::: Supplied material :::

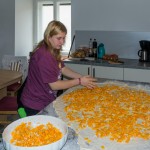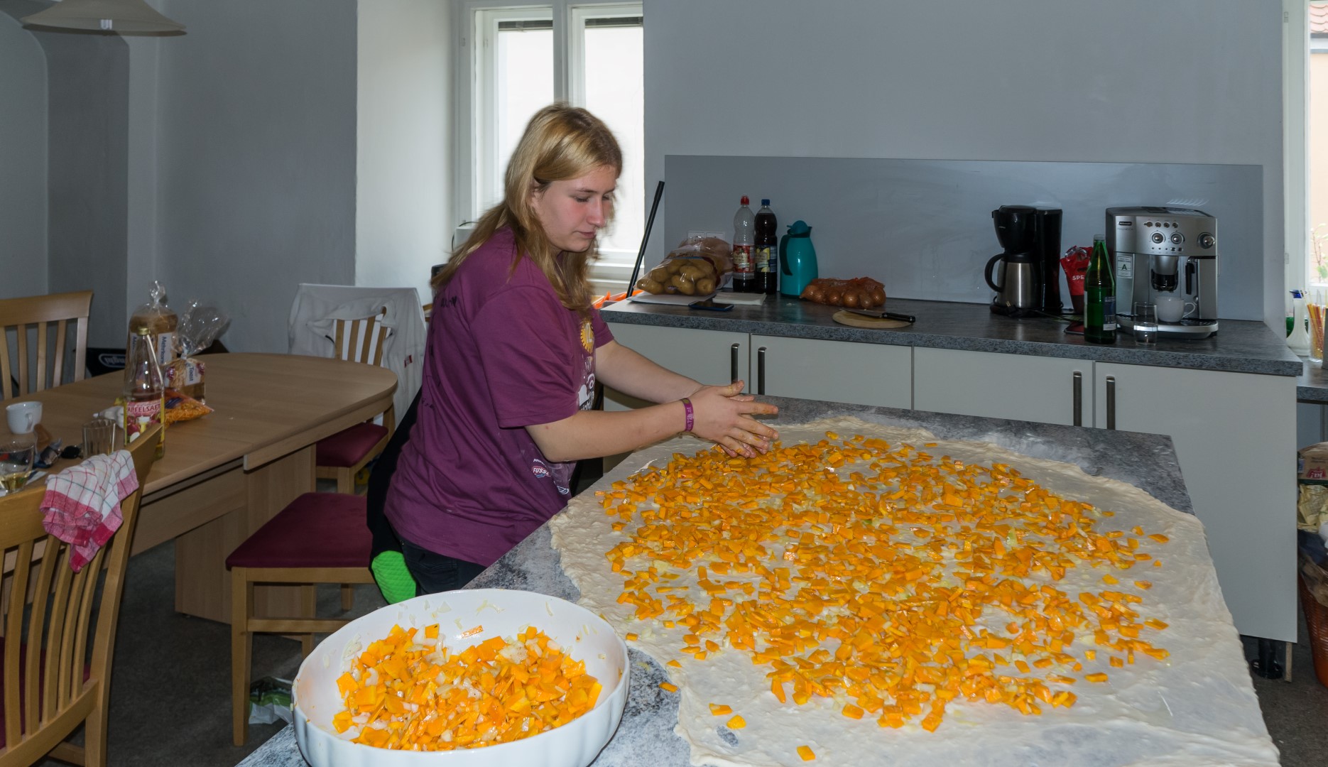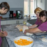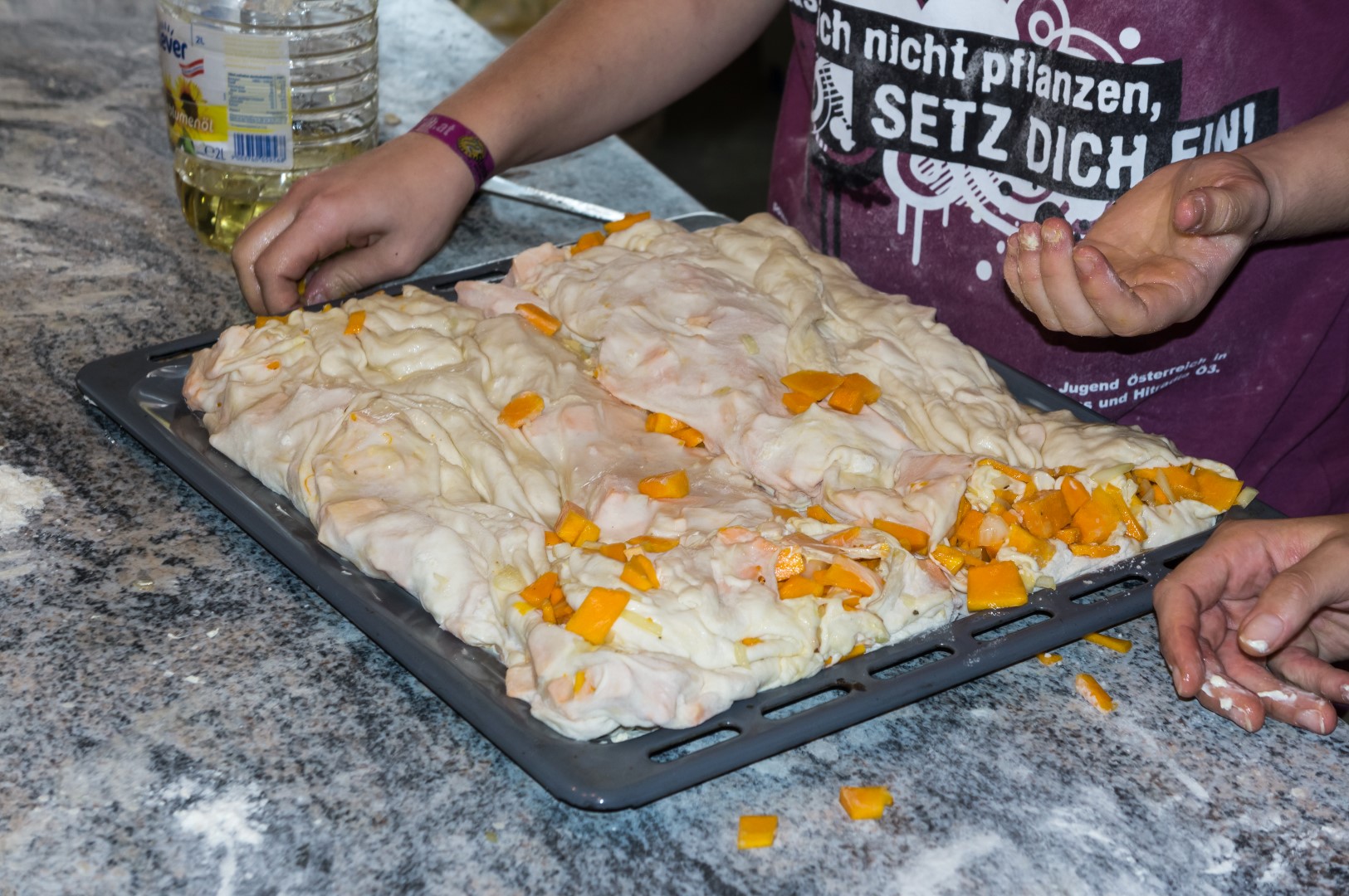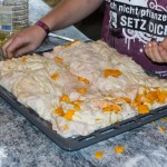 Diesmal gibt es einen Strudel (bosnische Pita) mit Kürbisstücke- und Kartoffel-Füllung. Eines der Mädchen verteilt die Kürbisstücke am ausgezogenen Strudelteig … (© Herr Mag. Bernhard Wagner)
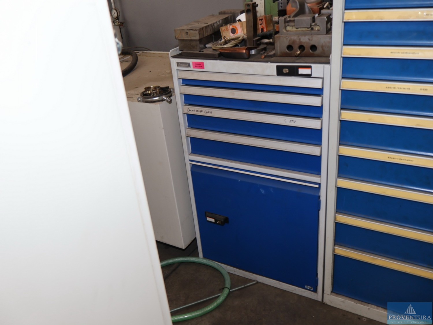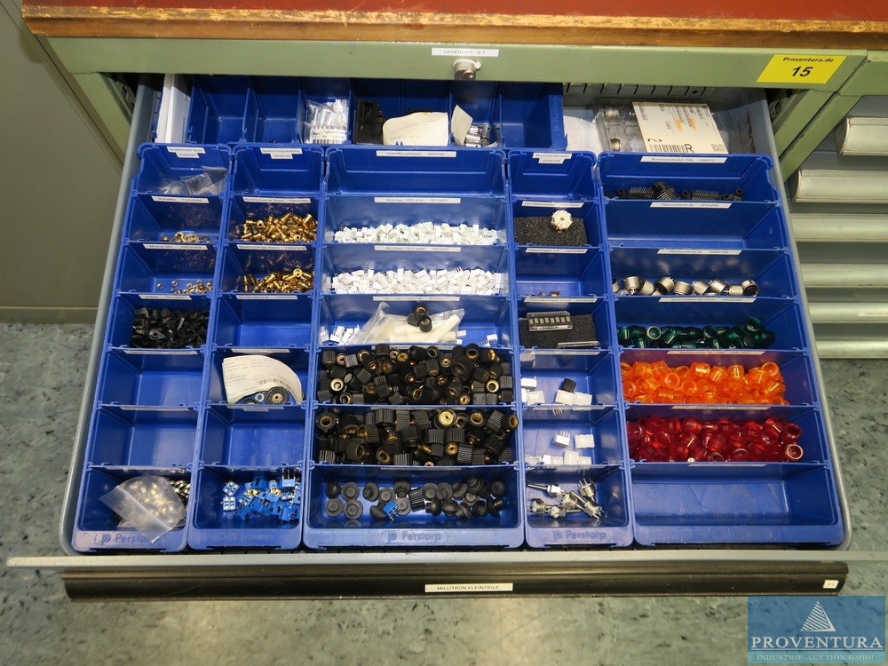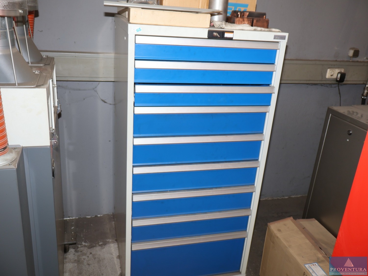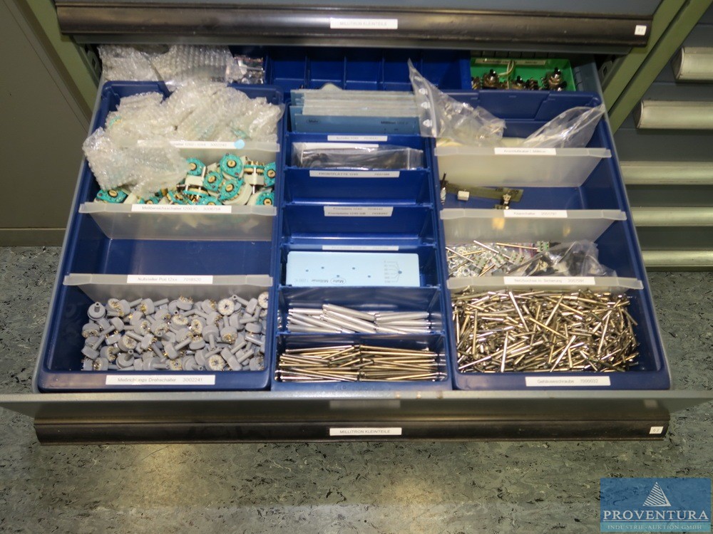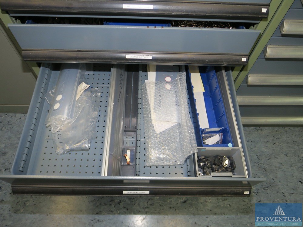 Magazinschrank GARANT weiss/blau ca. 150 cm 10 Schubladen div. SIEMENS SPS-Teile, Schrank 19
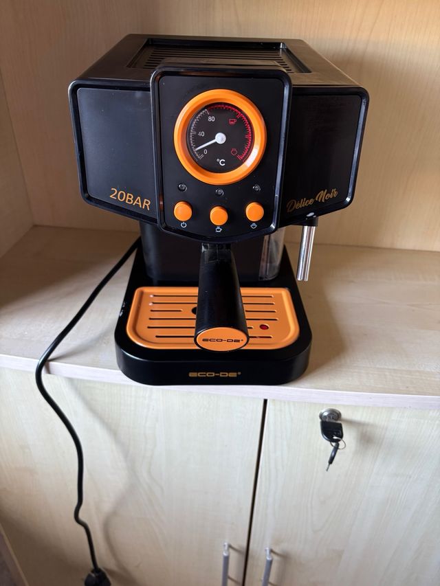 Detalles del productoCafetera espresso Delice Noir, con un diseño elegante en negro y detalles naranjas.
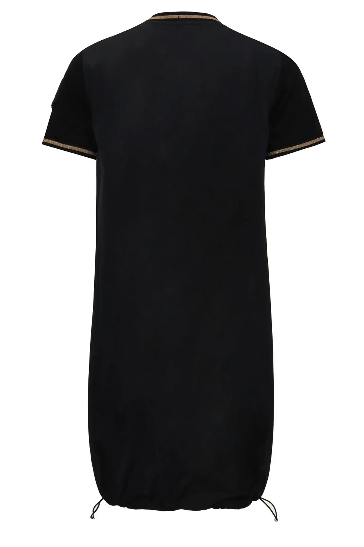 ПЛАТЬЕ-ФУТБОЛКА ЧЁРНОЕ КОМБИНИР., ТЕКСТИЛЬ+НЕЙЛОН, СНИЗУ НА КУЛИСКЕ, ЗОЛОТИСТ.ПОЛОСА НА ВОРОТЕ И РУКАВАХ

:::
::: Supplied material :::

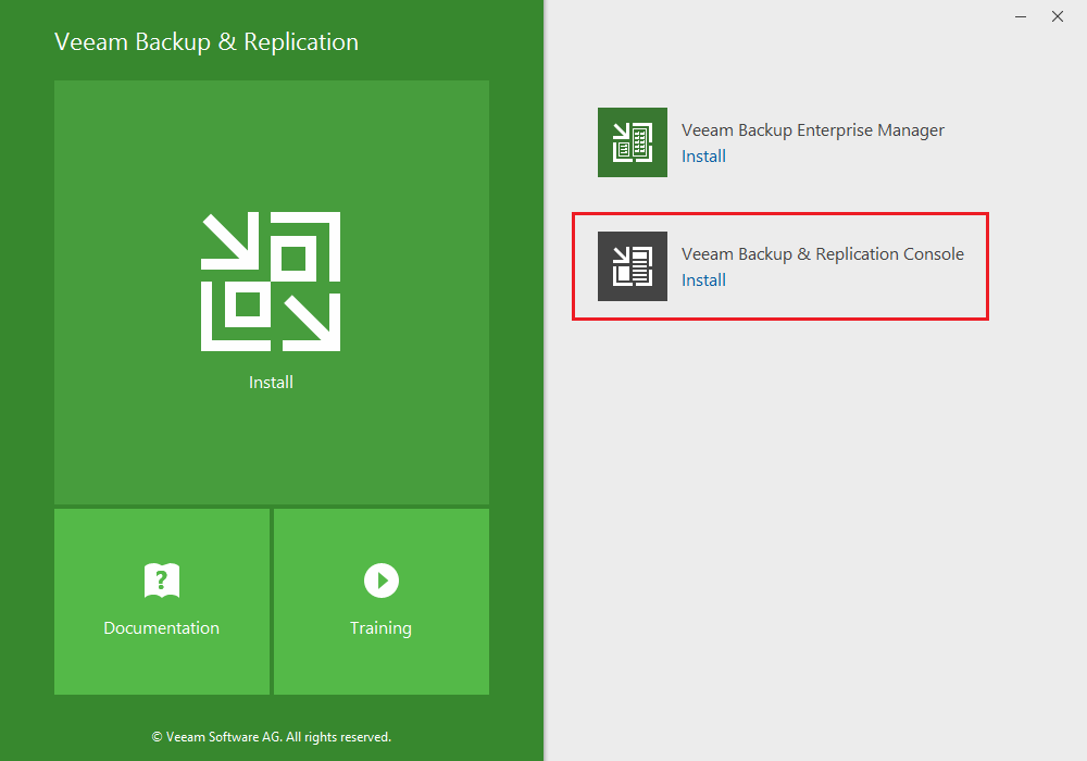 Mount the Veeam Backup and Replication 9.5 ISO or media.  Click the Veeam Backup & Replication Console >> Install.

:::

• What you are asked to do
The copy should hold only the lines from the one with "Magazinschrank GARANT weiss/blau" through the one with "ПЛАТЬЕ-ФУТБОЛКА ЧЁРНОЕ КОМБИНИР., ТЕКСТИЛЬ+НЕЙЛОН, СНИЗУ", exactly as they stand above. Leave out the pictures.

• Written solution
 Magazinschrank GARANT weiss/blau ca. 150 cm 10 Schubladen div. SIEMENS SPS-Teile, Schrank 19
 Detalles del productoCafetera espresso Delice Noir, con un diseño elegante en negro y detalles naranjas.
 ПЛАТЬЕ-ФУТБОЛКА ЧЁРНОЕ КОМБИНИР., ТЕКСТИЛЬ+НЕЙЛОН, СНИЗУ НА КУЛИСКЕ, ЗОЛОТИСТ.ПОЛОСА НА ВОРОТЕ И РУКАВАХ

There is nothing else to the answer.